Roberts reported that Sept. 30 will mark an initial deadline to set in motion Disney using a put option that would require the studio that owns the remaining two-thirds in Hulu to take over its minority stake. “As of Sept. 30, after some short period of time, Disney can call, we can put, and I believe that’s what will end up happening,” Roberts told the Goldman Sachs Communcacopia + Technology Conference.

He also talked about the valuation for the Hulu stake, which would likely have a floor of just under $30 billion, when only factoring in synergy and churn benefits. “I think we are excited to get this resolved and the minimum of $27.5 billion, that was just a hypothetical we picked out five years ago. The company is way more valuable today than it was then,” Roberts said.

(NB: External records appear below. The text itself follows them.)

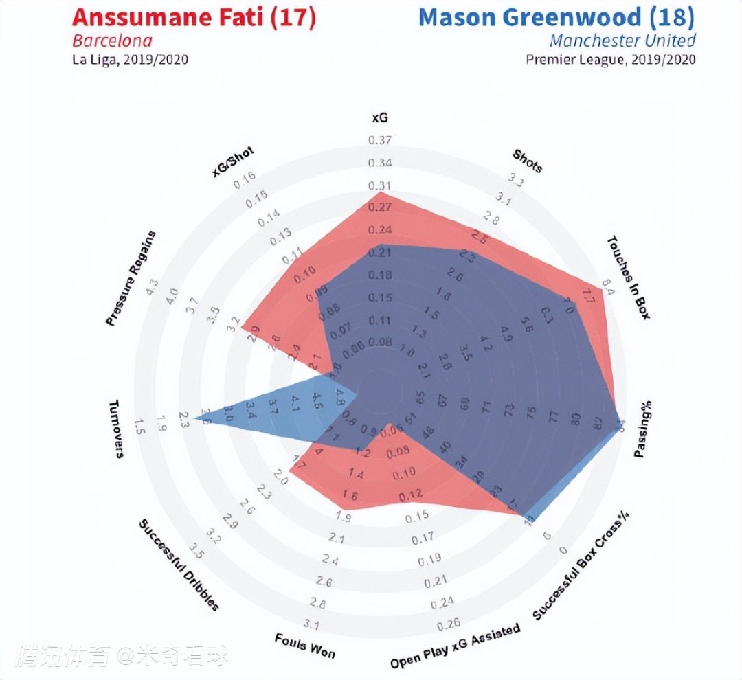 在受伤之前,法蒂从对比数据看,甚至优于比自己还大一岁、正处于高速上升期的格林伍德。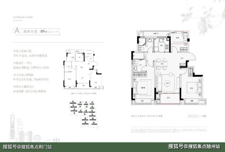 杭颂星澜府在户型的设计上更加游刃有余,主力的89方户型设计成了类四叶草的布局:动线合理、减少走廊的浪费、各卧室独立且私密。同时三开间朝南的设计,面宽达到了9.7米,主次卧均带有飘窗,采光充足,而且主卧为套房的布置,让生活更舒适。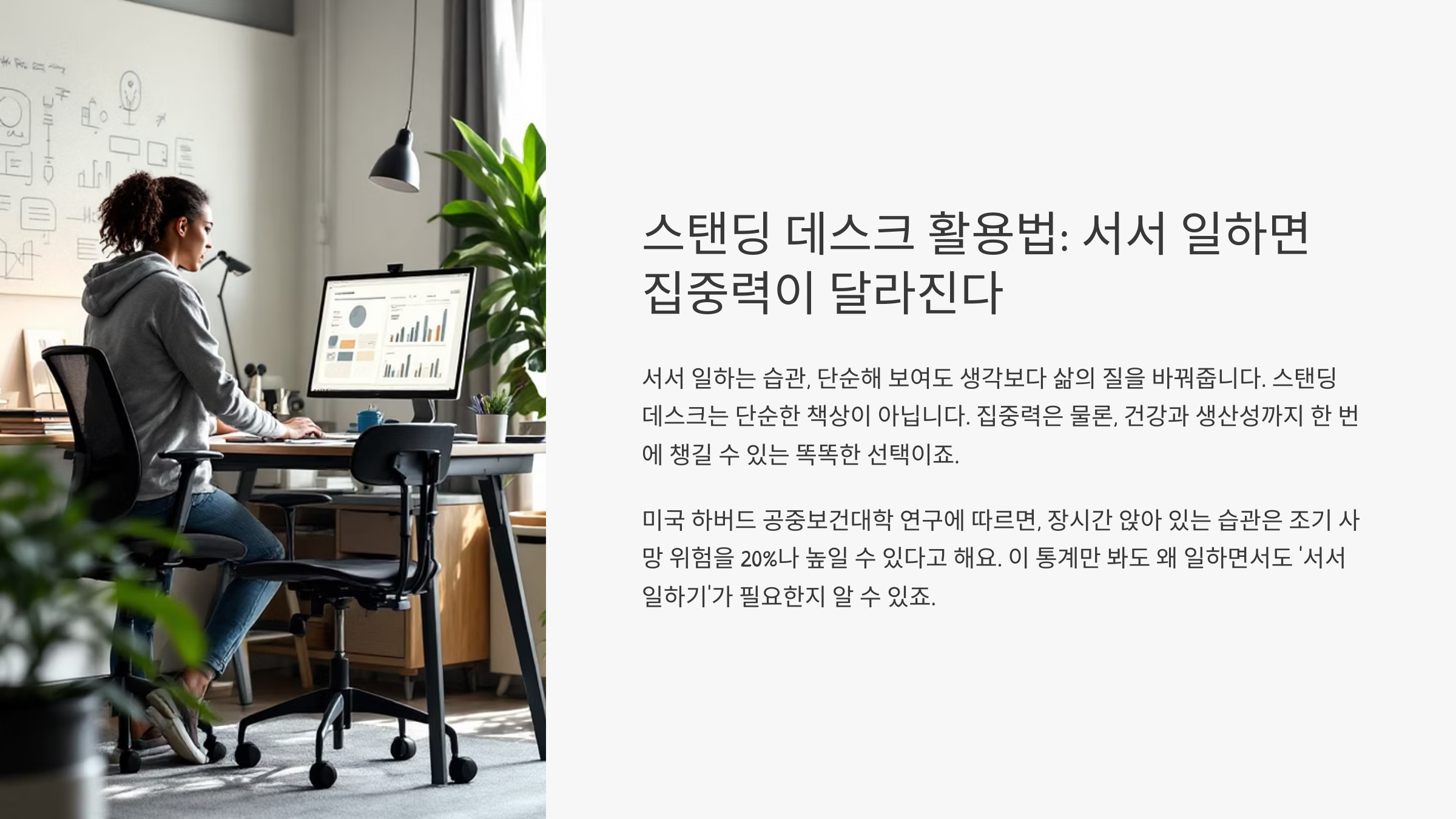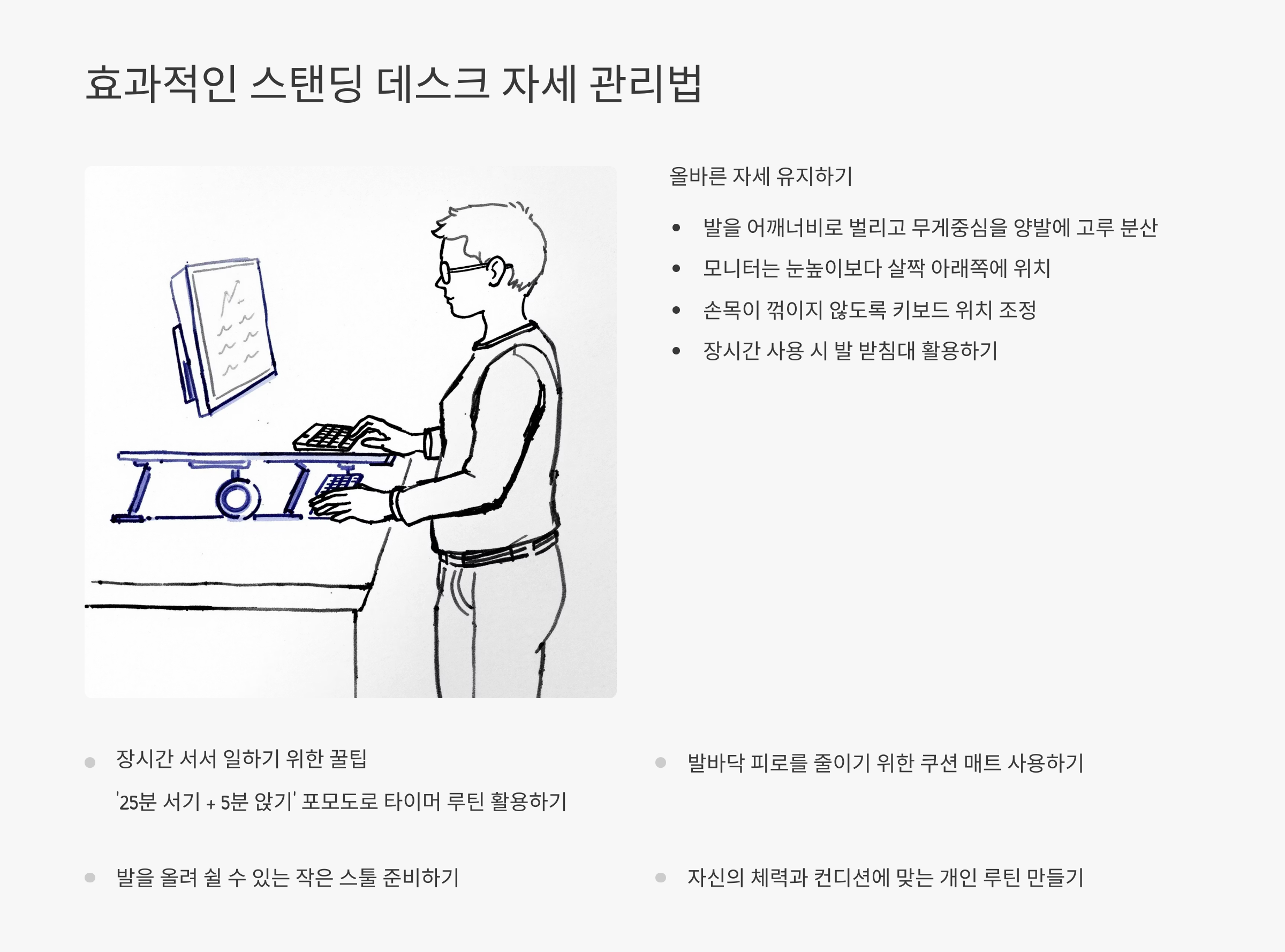 처음엔 단순한 유행이라고 생각했어요. 앉아 있는 시간이 너무 길어져 허리도 아프고, 자꾸 피곤해져서 집중력이 흐트러졌거든요. 그러다 스탠딩 데스크를 알게 되었고, 서서 일하는 방식이 생각보다 효과적이라는 걸 체감하게 됐습니다.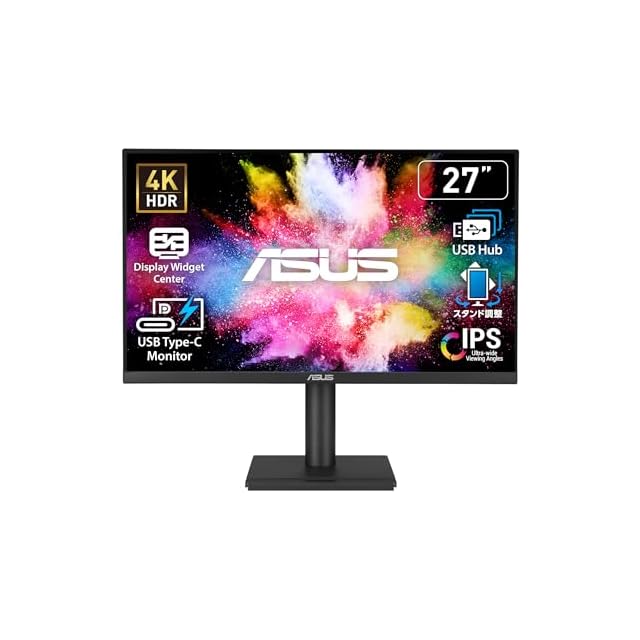 商品名:【.co.jp限定】 ASUSモニター / VA27UCPS ? 27インチ / 4K UHD (3840 x 2160) / IPSパネル / 99% sRGB/HDR-10 / USB-C 65W給電 / 高さ調整 縦横回転機能付き/ステレオスピーカー/フリッカーフリー/ブルーライトフィルター/エルゴノミクスデザイン/壁掛け対応/環境サスティナビリティ/国内正規品/5年/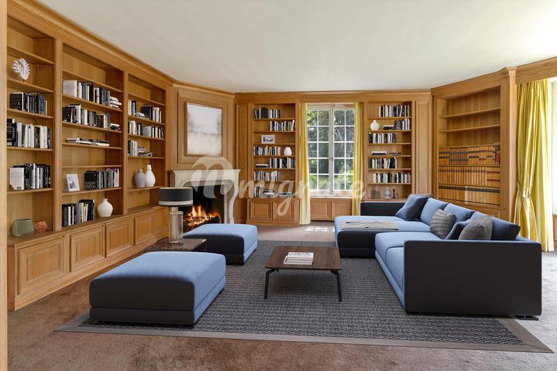 На первом этаже этого дома находится прихожая с гардеробной, 3 гостевых туалета, спальня и библиотека. В доме есть светлая большая гостиная с примыкающей столовой, оборудованная кухня и подсобное поме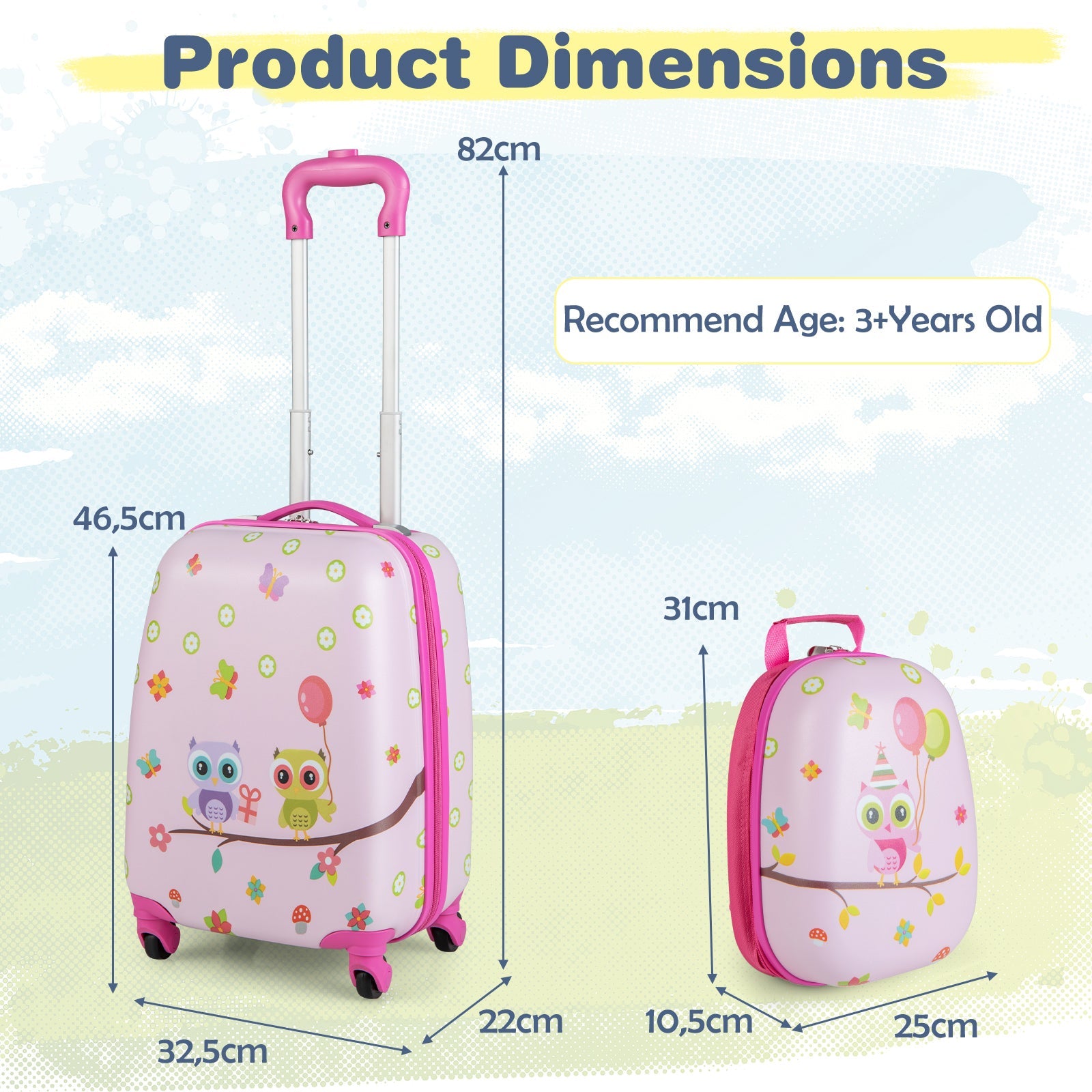 Colour: As Pictures Show Material: ABS, PC, Aluminum Size of the Blue Carry-on Luggage: 32 x 22 x 82 cm (L x W x H) Size of the White Carry-on Luggage: 26 x 32 x 87 cm (L x W x H) Size of the Blue Backpack: 25 x 12 x 33 cm (L x W x H) Size of the White Backpack: 25 x 12 x 33 cm (L x W x H) Net Weight: 2 kg Weight Capacity of the Ride-on Suitcase: 8 KG Weight Capacity of the Carry-on Luggage: 2 KG Recommend Age: 3+Years Old Box Qty:1(May vary by batch)Package Includes: 1 x Carry-on Suitcase 1 x Backpack

He added the put call can be triggered around 30 days after the start gun is fired on Sept. 30, but that both parties were appraising the value of the Hulu stake and more possible suitors may step forward. “That’s a scarce kingmaker asset,” Roberts said of the Hulu stake set to go up for an unprecedented auction.

“If you were selling all of this, as is, there’d be a line of bidders around the block to actually buy all the content, all the bundling, of Hulu. That business we’ve never seen,” he insisted as Goldman Sachs, earlier hired by Comcast to explore strategic alternatives for the Hulu stake, gets set to initiate a formal sales process with Disney.

“It will take a little time for this to play out. But both companies wanted to get it behind us. So we pulled the date forward,” Roberts said. He also talked about the Disney-Charter showdown during his investor conference appearance.

“This dispute is putting tension around some issues. I hope they work it out. It’s in the interests of consumers,” Roberts insisted. With cord-cutting and streaming losses continuing to impact media and entertainment companies, Charter has complained that the rising affiliate fees they have to shell out for TV networks reaching fewer and fewer viewers makes less business sense.

“I look at our company. We don’t look at it as linear or streaming. We look at it as linear and streaming. With Peacock and NBCUniversal and Xfinity, we are the best aggregator. We have all the streaming apps, all the linear in one place,” Roberts argued as he pointed to Peacock, NBCUniversal ad-supported streaming platform as bolstering his company’s content offering to consumers alongside NBC and live sports.

“Each company is dealing with their version of this transformational moment. You’re going to see some tension,” he said. Roberts added Comcast’s expanding broadband capability will feed through to more live sports in the streaming space and other innovations.

“That needs bandwidth and it doesn’t not need freezing with the ball in the air,” he added, as rival Disney looks ahead to ESPN pivoting to the streaming space.